Omit any picture, and return the remaining data exactly as written.

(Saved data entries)
........

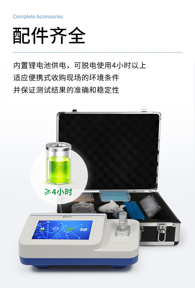 9、內(nèi)置鋰電池供電,交直流兩用,可脫電使用4小時(shí)以上,適應(yīng)便攜式收購(gòu)現(xiàn)場(chǎng)的環(huán)境條件并保證測(cè)試結(jié)果的準(zhǔn)確和穩(wěn)定性;
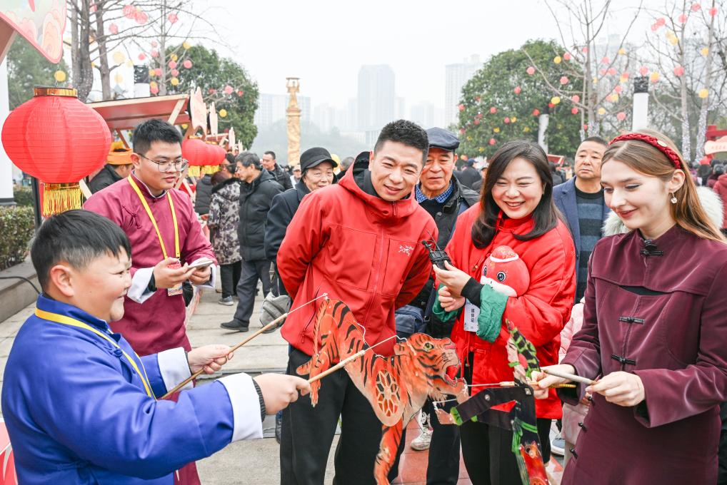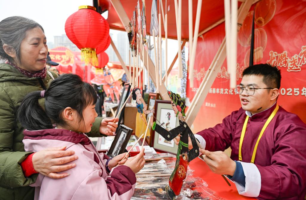 1月16日,游客在2025年川渝新春年貨文化節上體驗皮影戲。
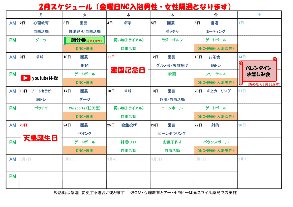 今月のプログラム内容や時間は、こちらの予定表をご覧ください。
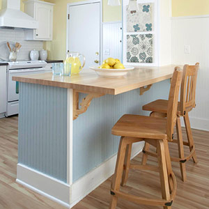 В тази статия ще ви представим две сходни идеи за дизайна на кухнята и по-конкретно на кухненския остров/бара. И в двете кухни цветовата гама е основана на контрастната комбинация между бяло и синьо, която допринася за повече светлина и свежест в помещението.
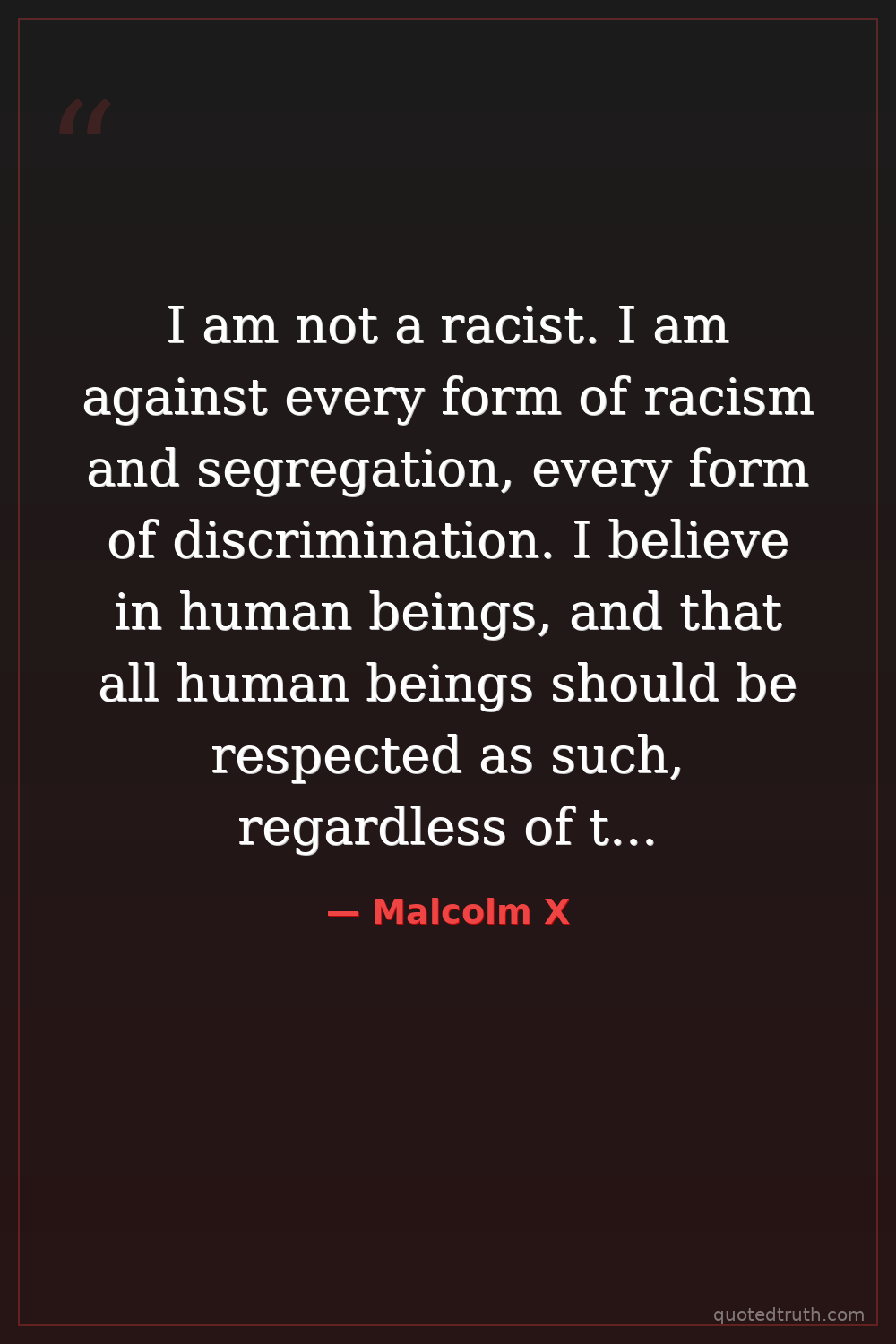 I am not a racist. I am against every form of racism and segregation, every form of discrimination. I believe in human beings, and that all human beings should be respected as such, regardless of their color.
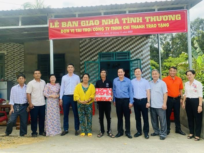 Anh Bùi Hữu Chí (thứ 4 từ trái sang) cùng lãnh đạo Đoàn đại biểu Quốc hội tỉnh trao tặng nhà tình thương cho người có hoàn cảnh khó khăn trong tỉnh
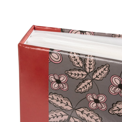 Фотоальбом BRAUBERG на 200 фото 10х15 см, твердая обложка, "Флора", серый с красным, 391121
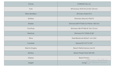 Caratteristiche principali: mountain bike elettrica (bici a pedalata assistita) Ghost Teru; freni a disco idraulici Shimano, cambio Shimano Altus (9 velocità) e motore Bosch Performance Line CX con 4 livelli d'assistenza (eco, tour, sport e turbo) e batteria Bosch Power Pack 500 Wh
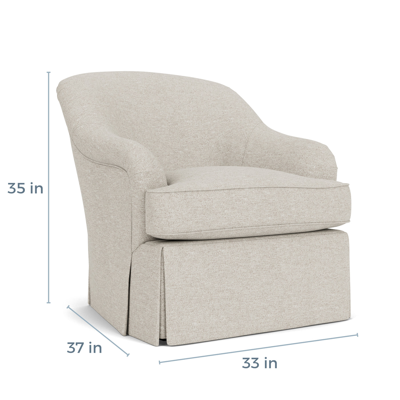 The Dorian Falls Chair marries modern design with traditional comfort, featuring a slight barrel back and sloped arms that evoke an English-roll style, accented with an exterior welt for an extra touch. The skirted base, finished with kick pleats, gives this chair a polished look. Handcrafted to be both stylish and comfortable, it's equipped with a plush cushion that invites relaxation, making it an exceptional choice for any refined living space. Handcrafted in North Carolina by experts artisians.
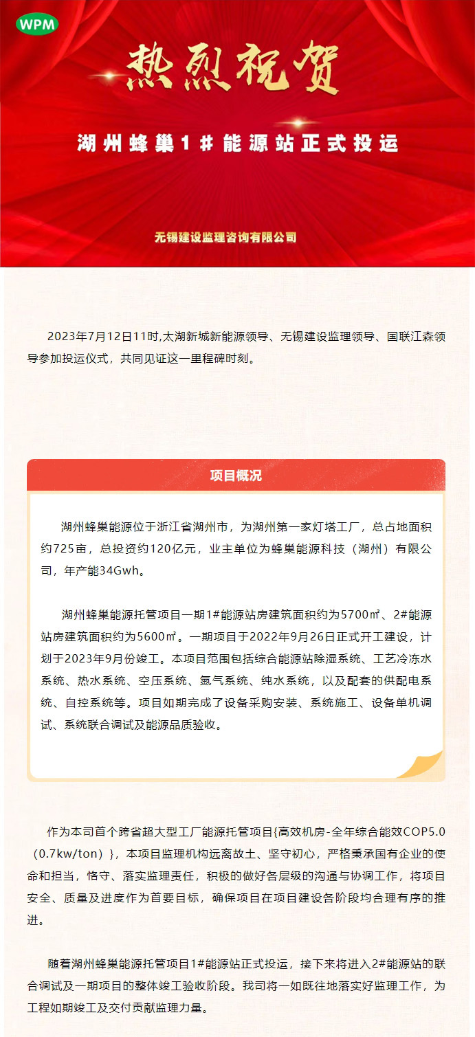 湖州蜂巢能源托管项目1#能源站正式投运仪式
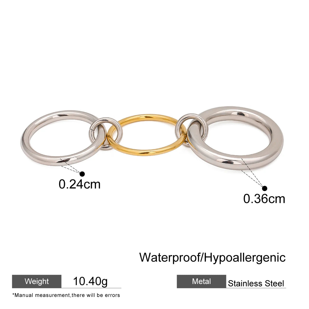 ステンレス304 ニッケルフリー 水に濡れても錆びにくい 18Kゴールドメッキ 3連 重ね付け リング 【YJ00811】
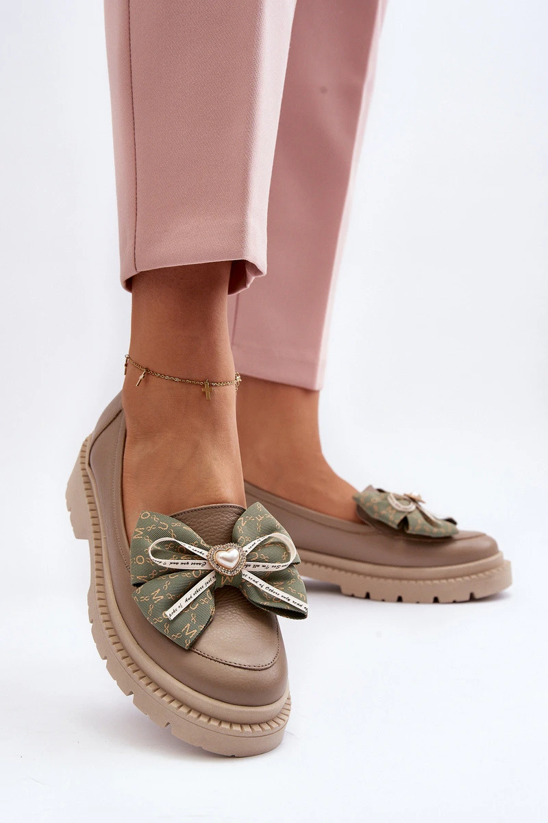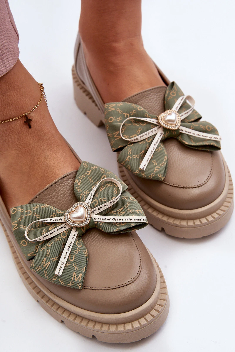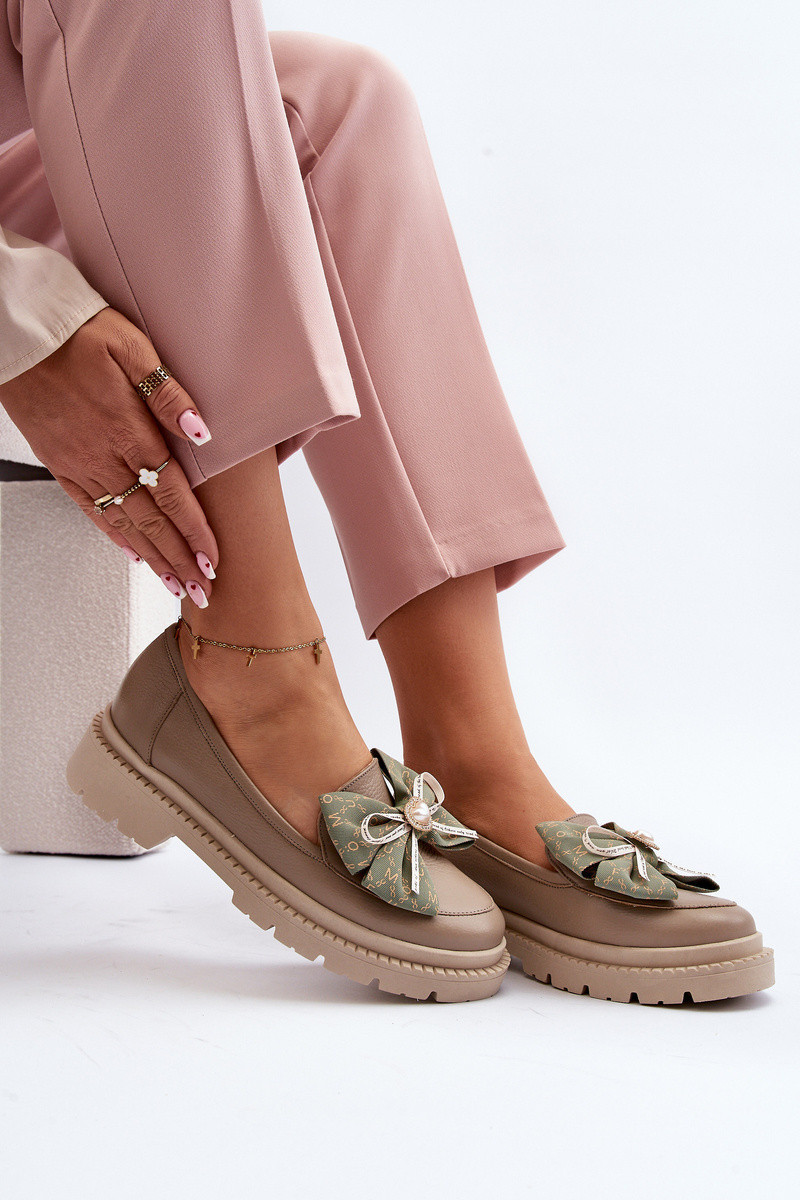 Dámské kožené mokasíny s mašlí Laura Messi 2787 Beige
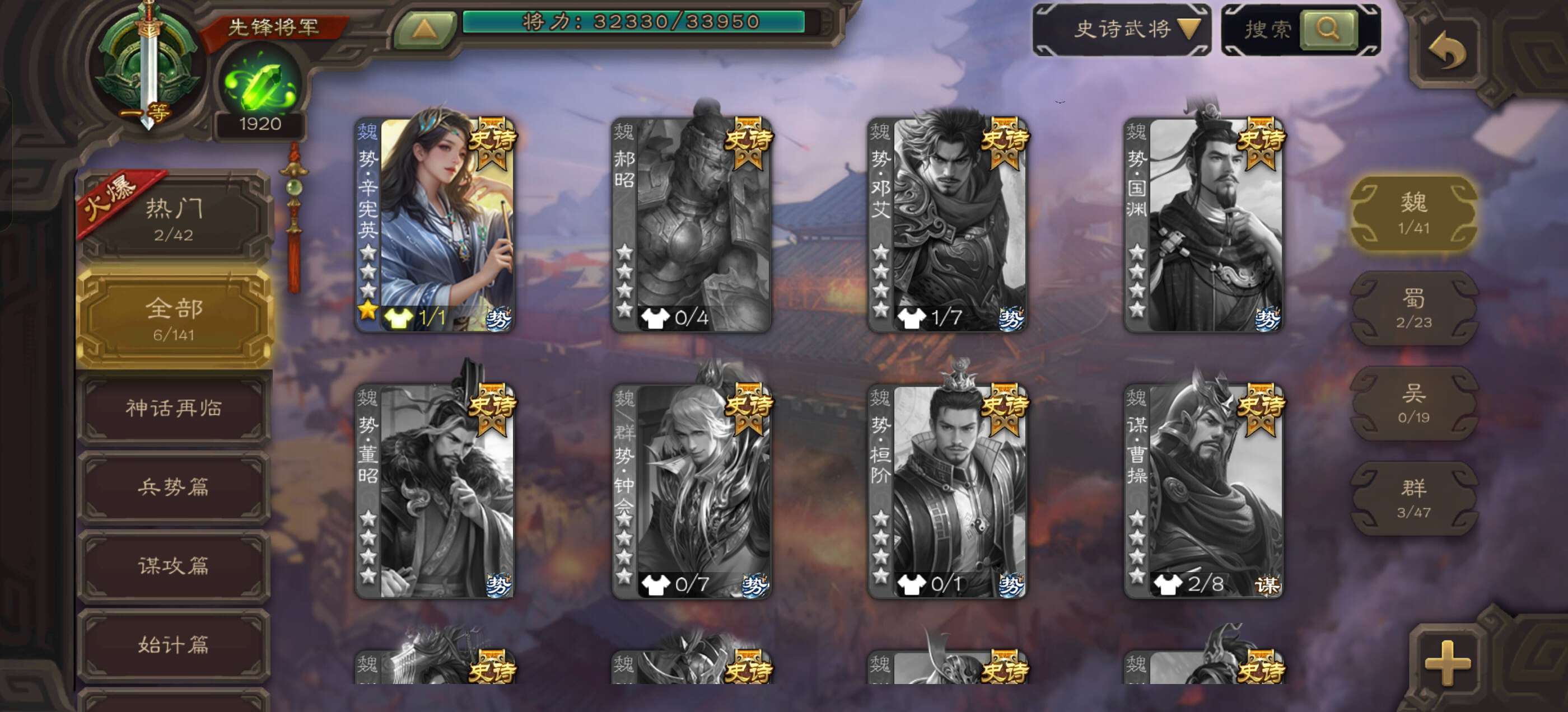史诗武将数量:
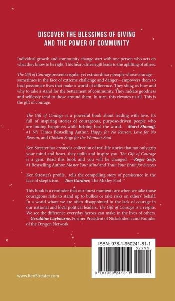 Individual growth and community change start with one person who acts on what they know to be right. This heart-driven gift leads to the uplifting of others. The Gift of Courage presents regular yet extraordinary people whose courage-sometimes in the face of extreme challenge and danger-empowers them to lead passionate lives that make a world of difference. They show us how and why to take a stand for the betterment of community. They radiate goodness and selflessly tend to those around them. In turn, this elevates us all. This is the gift of courage.
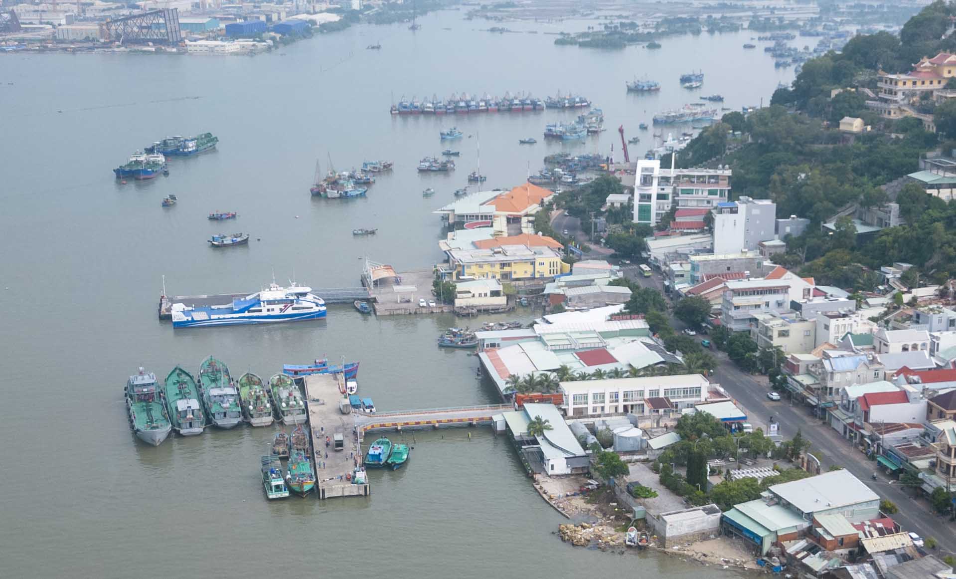 Khu vực phía Vũng Tàu nằm dọc tuyến đường Trần Phú, tập trung đông đúc khu dân cư, bến cảng và hàng trăm tàu thuyền neo đậu.

........

[Completed task]
 9、內(nèi)置鋰電池供電,交直流兩用,可脫電使用4小時(shí)以上,適應(yīng)便攜式收購(gòu)現(xiàn)場(chǎng)的環(huán)境條件并保證測(cè)試結(jié)果的準(zhǔn)確和穩(wěn)定性;
 1月16日,游客在2025年川渝新春年貨文化節上體驗皮影戲。
 今月のプログラム内容や時間は、こちらの予定表をご覧ください。
 В тази статия ще ви представим две сходни идеи за дизайна на кухнята и по-конкретно на кухненския остров/бара. И в двете кухни цветовата гама е основана на контрастната комбинация между бяло и синьо, която допринася за повече светлина и свежест в помещението.
 I am not a racist. I am against every form of racism and segregation, every form of discrimination. I believe in human beings, and that all human beings should be respected as such, regardless of their color.
 Anh Bùi Hữu Chí (thứ 4 từ trái sang) cùng lãnh đạo Đoàn đại biểu Quốc hội tỉnh trao tặng nhà tình thương cho người có hoàn cảnh khó khăn trong tỉnh
 Фотоальбом BRAUBERG на 200 фото 10х15 см, твердая обложка, "Флора", серый с красным, 391121
 Caratteristiche principali: mountain bike elettrica (bici a pedalata assistita) Ghost Teru; freni a disco idraulici Shimano, cambio Shimano Altus (9 velocità) e motore Bosch Performance Line CX con 4 livelli d'assistenza (eco, tour, sport e turbo) e batteria Bosch Power Pack 500 Wh
 The Dorian Falls Chair marries modern design with traditional comfort, featuring a slight barrel back and sloped arms that evoke an English-roll style, accented with an exterior welt for an extra touch. The skirted base, finished with kick pleats, gives this chair a polished look. Handcrafted to be both stylish and comfortable, it's equipped with a plush cushion that invites relaxation, making it an exceptional choice for any refined living space. Handcrafted in North Carolina by experts artisians.
 湖州蜂巢能源托管项目1#能源站正式投运仪式
 ステンレス304 ニッケルフリー 水に濡れても錆びにくい 18Kゴールドメッキ 3連 重ね付け リング 【YJ00811】
 Dámské kožené mokasíny s mašlí Laura Messi 2787 Beige
史诗武将数量:
 Individual growth and community change start with one person who acts on what they know to be right. This heart-driven gift leads to the uplifting of others. The Gift of Courage presents regular yet extraordinary people whose courage-sometimes in the face of extreme challenge and danger-empowers them to lead passionate lives that make a world of difference. They show us how and why to take a stand for the betterment of community. They radiate goodness and selflessly tend to those around them. In turn, this elevates us all. This is the gift of courage.
 Khu vực phía Vũng Tàu nằm dọc tuyến đường Trần Phú, tập trung đông đúc khu dân cư, bến cảng và hàng trăm tàu thuyền neo đậu.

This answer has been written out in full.